Last week, as I was walking past the front
reception desk, Shannon, the ward clerk, was teasing Muriel about her love of
cheese. “Muriel it’s all gone! You ate the whole batch!” Muriel laughed. She had
a smile and a kind word for everyone. She, as well as a few other patients who required consistent supervision, often sat near the nurse’s desk.
Muriel sat in her wheelchair chatting with people and watching all “the busy
bodies,” as she likes to call them, go about their days. Knowing that I had an
extra little package of cheese, I decided to give my snack to the silver haired
sweetheart.
“Is this for me?!
Oh, I do love my cheese!” I assured her it was and she finally conceded saying,
“Well, maybe I’ll just have one bite.” She was lovable instantly.
Over the next
week, I began to take her for walks up, down and around these halls. I think we
both enjoyed a change of scenery. Staying in bed all day often makes you feel
as if the walls are closing in on you. Trying to maneuver my IV pole while pushing her wheelchair at the same time was challenging but she never seemed to
mind. One of the things I learned on our walks was that she loved to talk, and
it was not long at all before Muriel began to tell me her stories.
She would weave a
complicated soap-operatic tryst among three of the doctors. She would just
point at any random passersby and assign their roles as characters in the day’s
episode.
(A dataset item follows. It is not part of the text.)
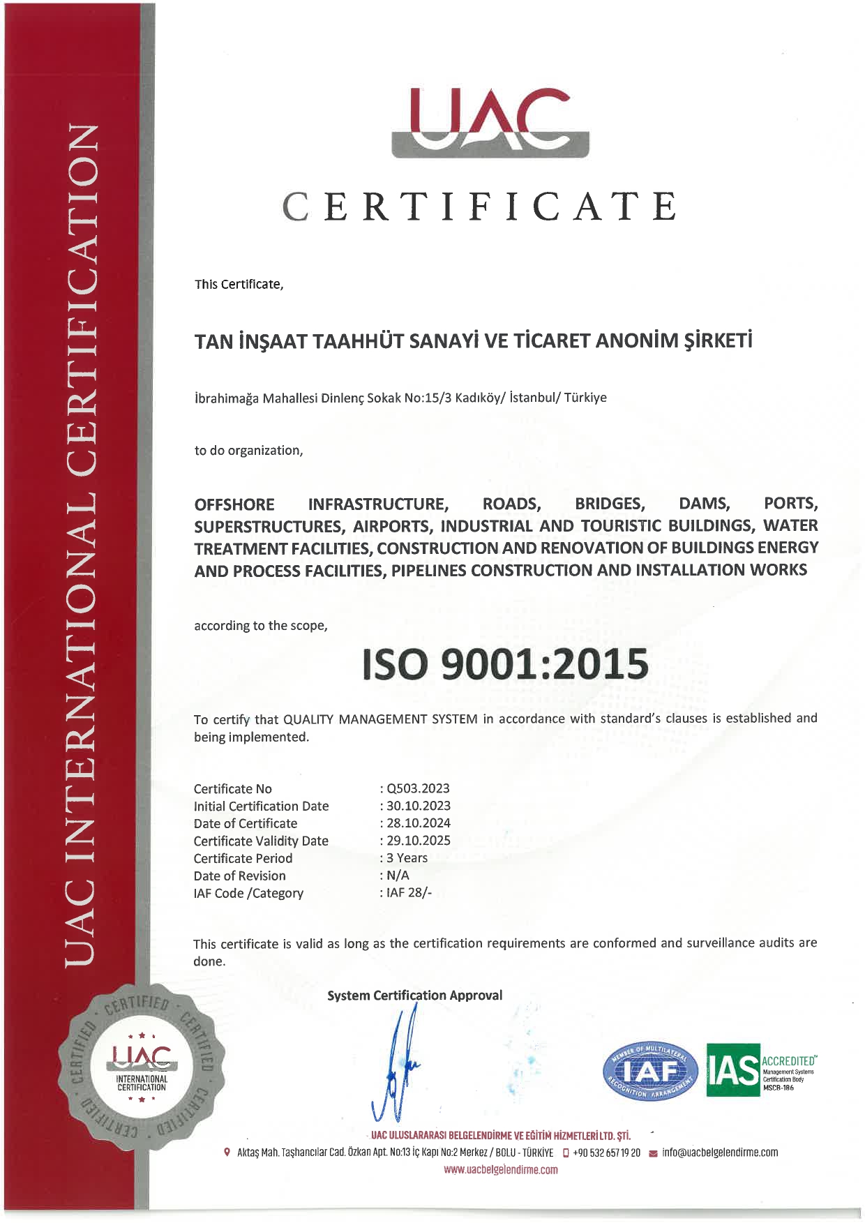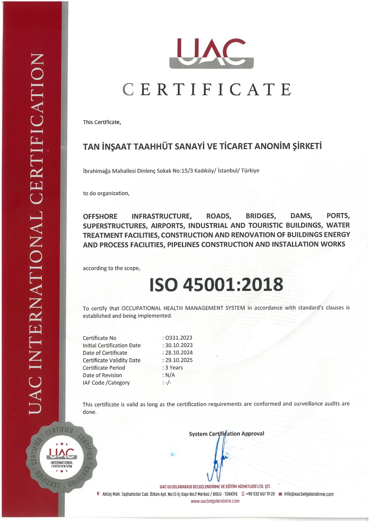 TAN Construction has ISO and OHSAS Management System Certificates and continues its activities under an integrated management system.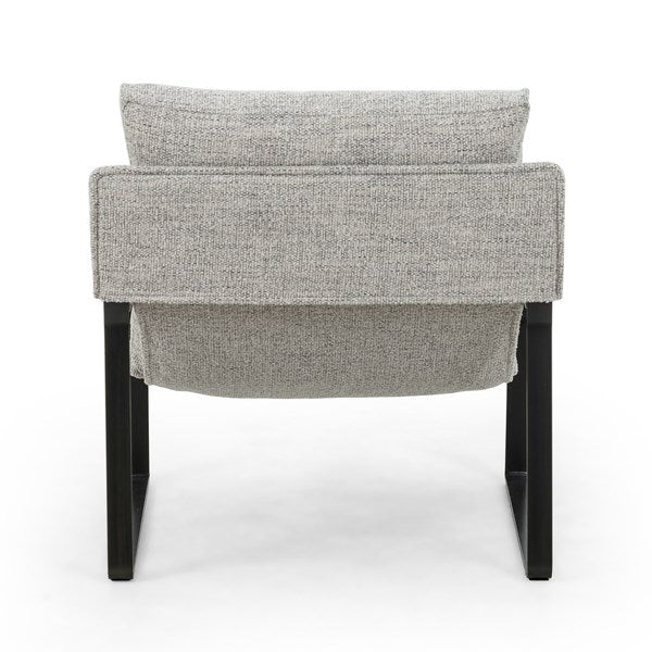 This stylish sling chair sits on an open industrial gunmetal frame. The low curved seat creates a surprisingly comfortable position. Upholstered in a heavily texturedoatmeal fabric. Imported

There was a good doctor gentleman who married a lovely lady doctor
whom he loved very much. But she broke his heart when she started running
around with another male doctor. “And those two just flaunt it all around here
like she does not even care! That nice man did not deserve to have his heart broken.”
She was very odd
when it came to men. For the most part she was jovial towards them. Yet she was always doling out advice such as, “You can’t trust
men.” “Men will only hurt you.” While rounding the bend on our little jaunt
yesterday morning she chirped, “This is better than having a boyfriend!”
Muriel’s favorite stories
were ones about her father. “My Daddy is coming to pick me up! I can’t wait to
see my Daddy. He was always so good to me. When I was eight years old my Daddy
bought me a shiny red bicycle! Daddy is building a new room on the house just
for me. He builds big strong houses. I Daddy loves me so much. I love him.”
The rattle of the
ice machine in the patient kitchen jolts me from my daze. I pour Muriel’s ice
water, but when I walk out into the hallway she was no longer there. I move in the direction of her room. I could hear her before I could see her.
Muriel was
shouting obscenities the likes I’ve never even heard of. She was shouting at a
group of nonexistent (but very real to her) men who were shoo-ing invisible mice running around
the foot of her bed. The nurses remained calm, though I’ll never know how, and
tried to settle and soothe her into bed. Muriel continued to fuss aggressively. I sat in the
hallway trying not to cry. She was so scared and confused. Eventually, she succumbed to exhaustion allowing the nurses to bathe her and get her ready to go to sleep.
“Muriel? Can I
come in and say goodnight?” I told the frazzled nurse I would sit with her
awhile when they were finished her bedtime routine in hopes that she would fall
asleep. I took a seat at her bedside.
“Those men are
never going to forget some of the names I called them tonight! I told them
every bad wrong thing I could think of. Maybe I should be sorry. Know why I’m
not sorry? I was angry and shouting bad names made me feel so good!” I laughed,
telling her it was good not to keep things bottled up inside.
All of the sudden,
the nurse pressed the button to raise the head of Muriel’s hospital bed and the woman
went white with fear, “STOP! I’m too scared!” The nurse told me she was terrified of the
bed moving. Every night she would panic. “I need something to hold on to,” she whimpered in a voice so small
it could have been a child’s.
I gave her my arm. “Hold on to me.”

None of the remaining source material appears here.